- WHAT YOU ARE ASKED TO DO
Please output the listing below character for character and omit the images.

- PROVIDED MATERIAL
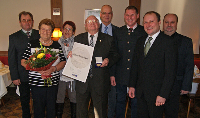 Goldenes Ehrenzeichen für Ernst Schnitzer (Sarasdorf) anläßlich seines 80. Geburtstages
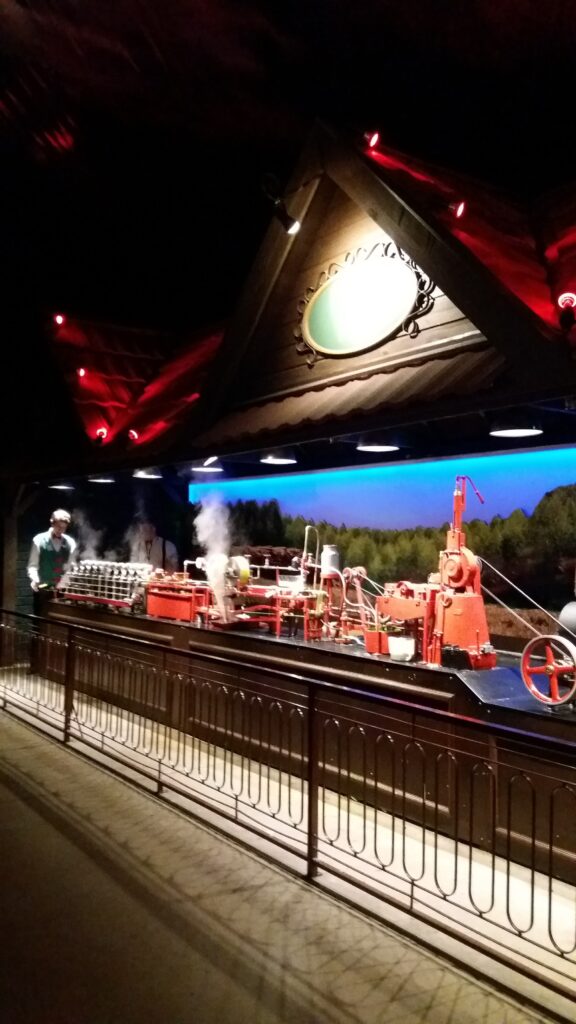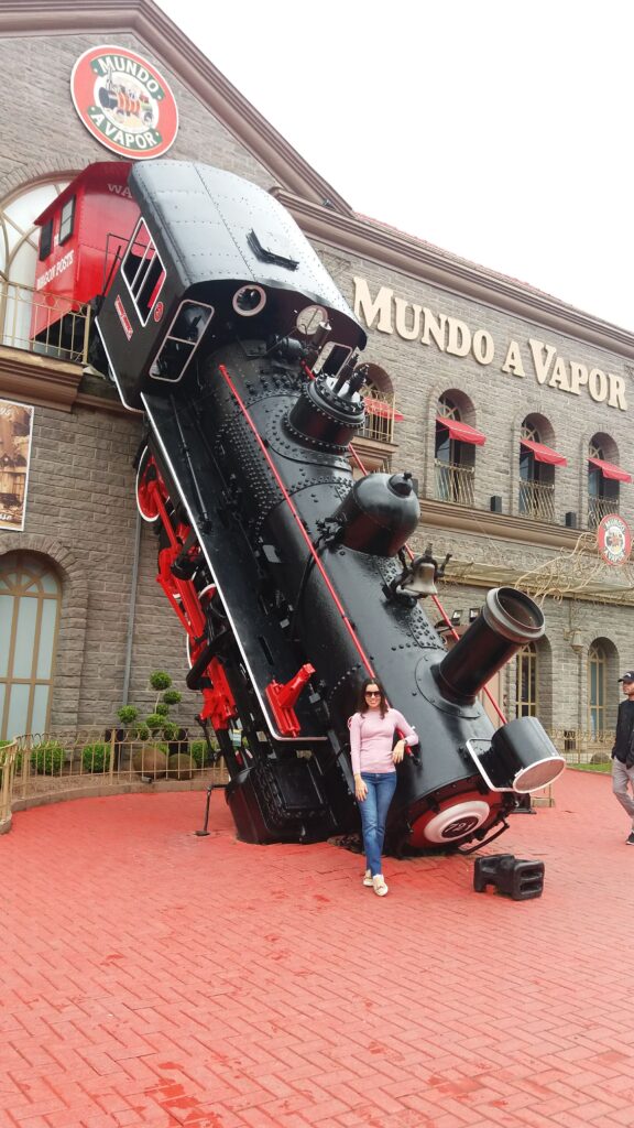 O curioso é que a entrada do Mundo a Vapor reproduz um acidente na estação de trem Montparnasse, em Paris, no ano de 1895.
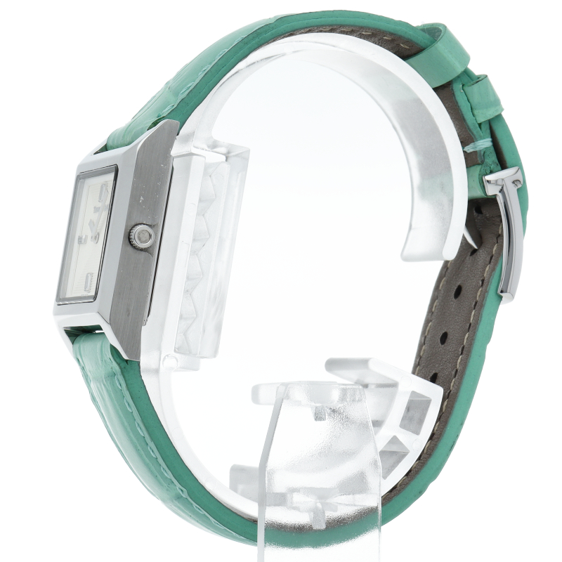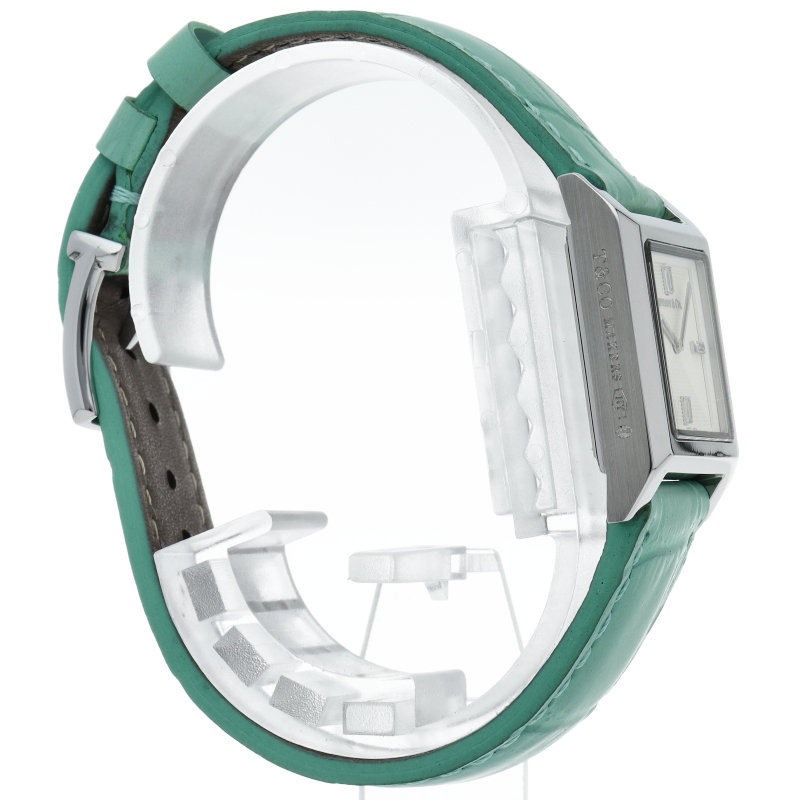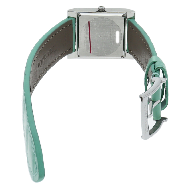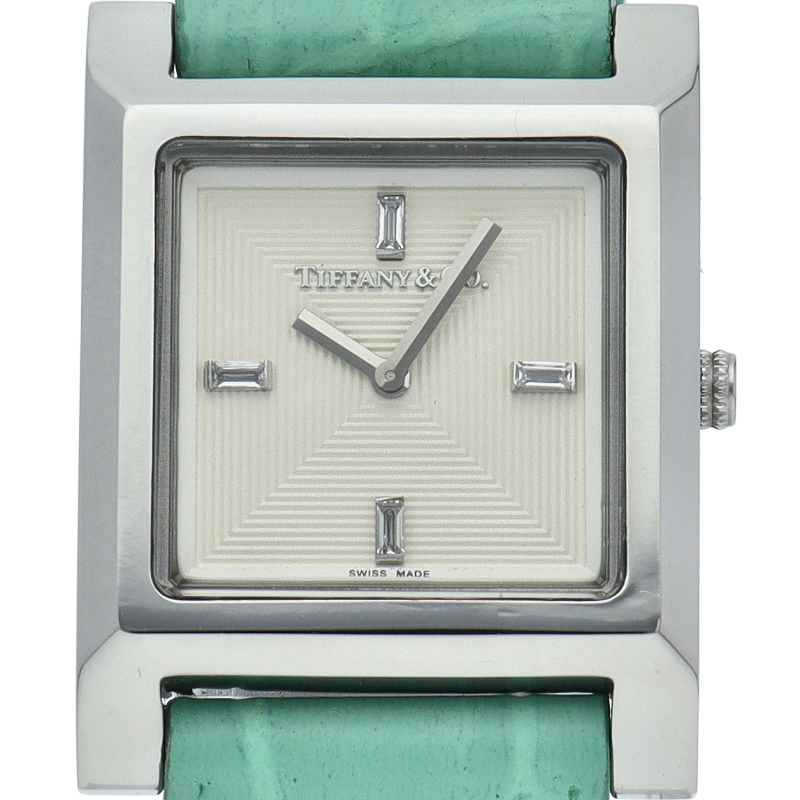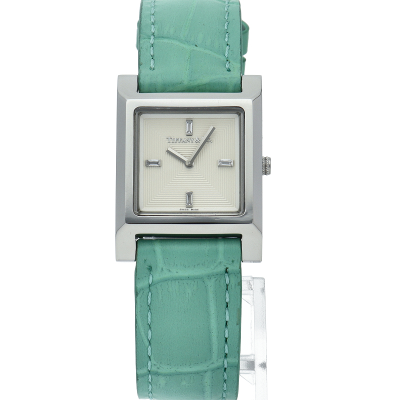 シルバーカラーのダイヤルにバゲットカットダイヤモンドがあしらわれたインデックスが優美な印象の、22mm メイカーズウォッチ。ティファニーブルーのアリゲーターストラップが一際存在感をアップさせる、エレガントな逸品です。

- SOLUTION FOR THIS EXERCISE
 Goldenes Ehrenzeichen für Ernst Schnitzer (Sarasdorf) anläßlich seines 80. Geburtstages
 O curioso é que a entrada do Mundo a Vapor reproduz um acidente na estação de trem Montparnasse, em Paris, no ano de 1895.
 シルバーカラーのダイヤルにバゲットカットダイヤモンドがあしらわれたインデックスが優美な印象の、22mm メイカーズウォッチ。ティファニーブルーのアリゲーターストラップが一際存在感をアップさせる、エレガントな逸品です。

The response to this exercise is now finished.